Top of Material provided

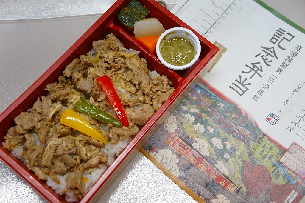 肉の薄毛具合は気になったが、風味と食感はまあまあ柔らかい。そんな中身よりも、掛紙のデザインが良い。開業から現在までの主要年表と、全線開業当時の錦絵で、美観と資料性を兼ね備えた。また、記念の駅弁にしてはずいぶんと価格が安い。
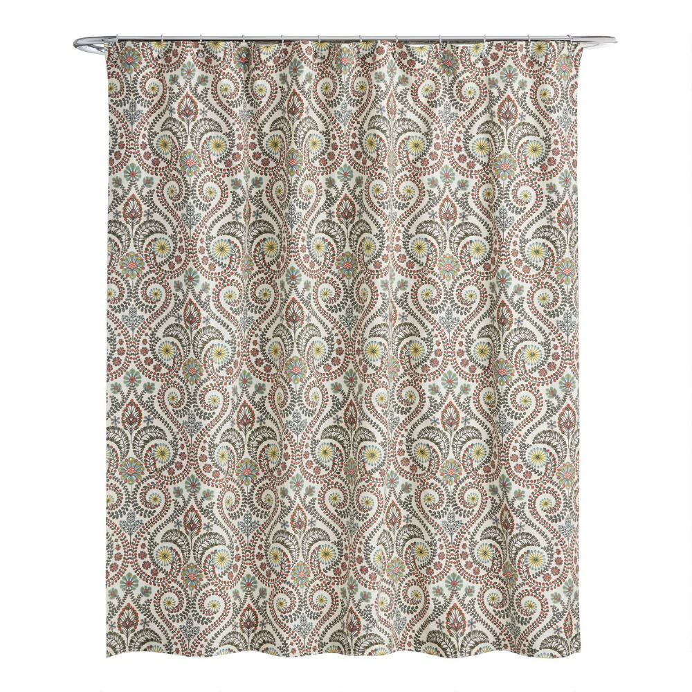 Printed with a botanical scroll pattern in shades of green with colorful highlights, our Treetop Shower Curtain brings classic elegance to the bathroom.
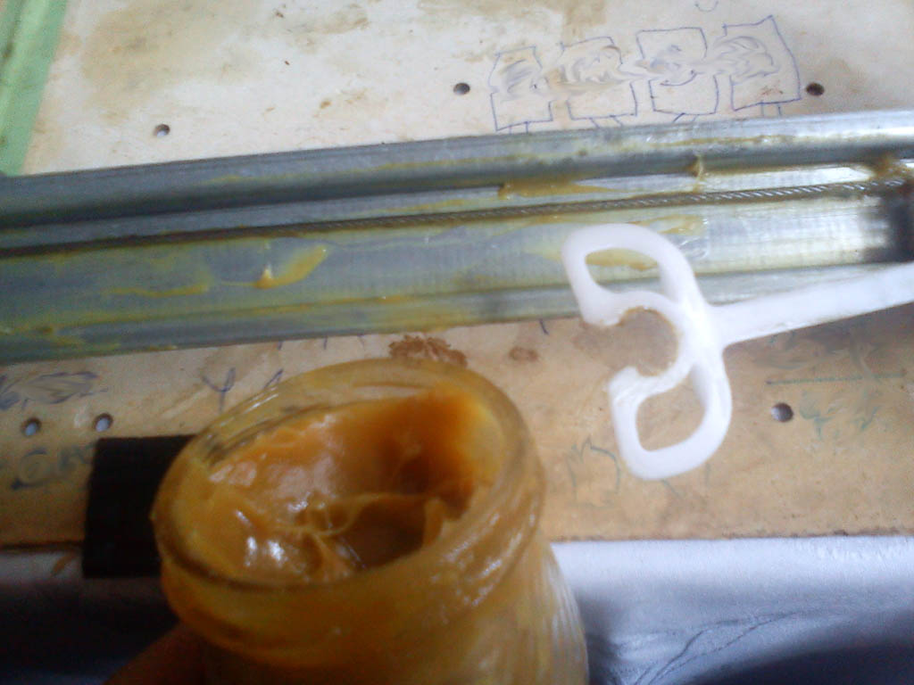 Nawalić dużo smaru (listwa, ślizg, linki na całej długości, mechanizm korby - bęben/rolka). Gdyby nie kapiąca woda, to teoretycznie powinno to pracować na sucho. Ale niestety.

Bottom of Material provided

● **The problem**
Every line above is to be duplicated exactly; no picture should be carried over.

● **Expected answer**
 肉の薄毛具合は気になったが、風味と食感はまあまあ柔らかい。そんな中身よりも、掛紙のデザインが良い。開業から現在までの主要年表と、全線開業当時の錦絵で、美観と資料性を兼ね備えた。また、記念の駅弁にしてはずいぶんと価格が安い。
 Printed with a botanical scroll pattern in shades of green with colorful highlights, our Treetop Shower Curtain brings classic elegance to the bathroom.
 Nawalić dużo smaru (listwa, ślizg, linki na całej długości, mechanizm korby - bęben/rolka). Gdyby nie kapiąca woda, to teoretycznie powinno to pracować na sucho. Ale niestety.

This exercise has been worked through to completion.